■ **Task objective**
Drop the pictures and extract exactly the lines from the one that contains "Los 12 mil habitantes" through the end of the material.

■ **Information provided**
*** Begin section ***

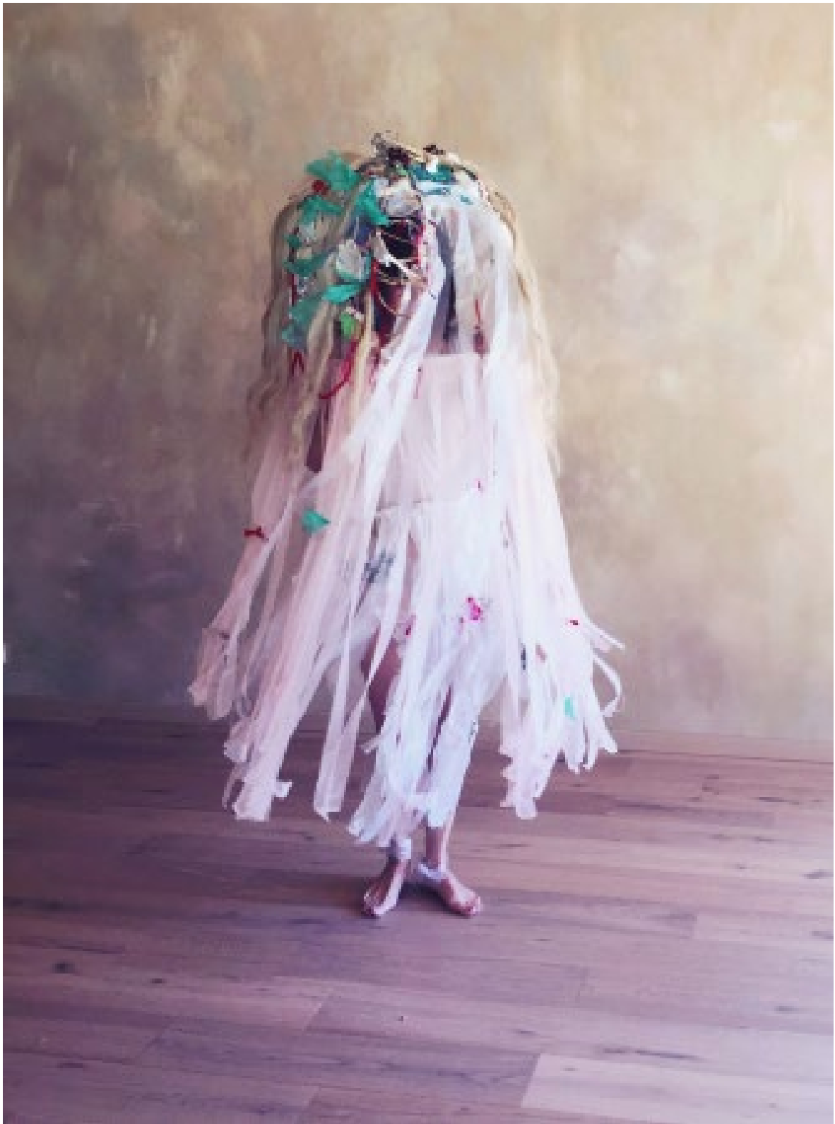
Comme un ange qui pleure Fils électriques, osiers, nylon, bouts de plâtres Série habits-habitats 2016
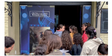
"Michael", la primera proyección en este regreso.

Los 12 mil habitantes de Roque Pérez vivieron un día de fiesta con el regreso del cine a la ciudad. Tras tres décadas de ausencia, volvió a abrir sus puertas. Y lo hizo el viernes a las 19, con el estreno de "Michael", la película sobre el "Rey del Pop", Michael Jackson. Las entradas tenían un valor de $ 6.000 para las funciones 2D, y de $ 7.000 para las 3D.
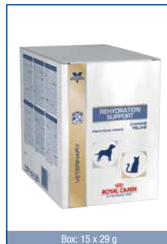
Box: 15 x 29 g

*** End section ***

■ **Completed task**
Los 12 mil habitantes de Roque Pérez vivieron un día de fiesta con el regreso del cine a la ciudad. Tras tres décadas de ausencia, volvió a abrir sus puertas. Y lo hizo el viernes a las 19, con el estreno de "Michael", la película sobre el "Rey del Pop", Michael Jackson. Las entradas tenían un valor de $ 6.000 para las funciones 2D, y de $ 7.000 para las 3D.
Box: 15 x 29 g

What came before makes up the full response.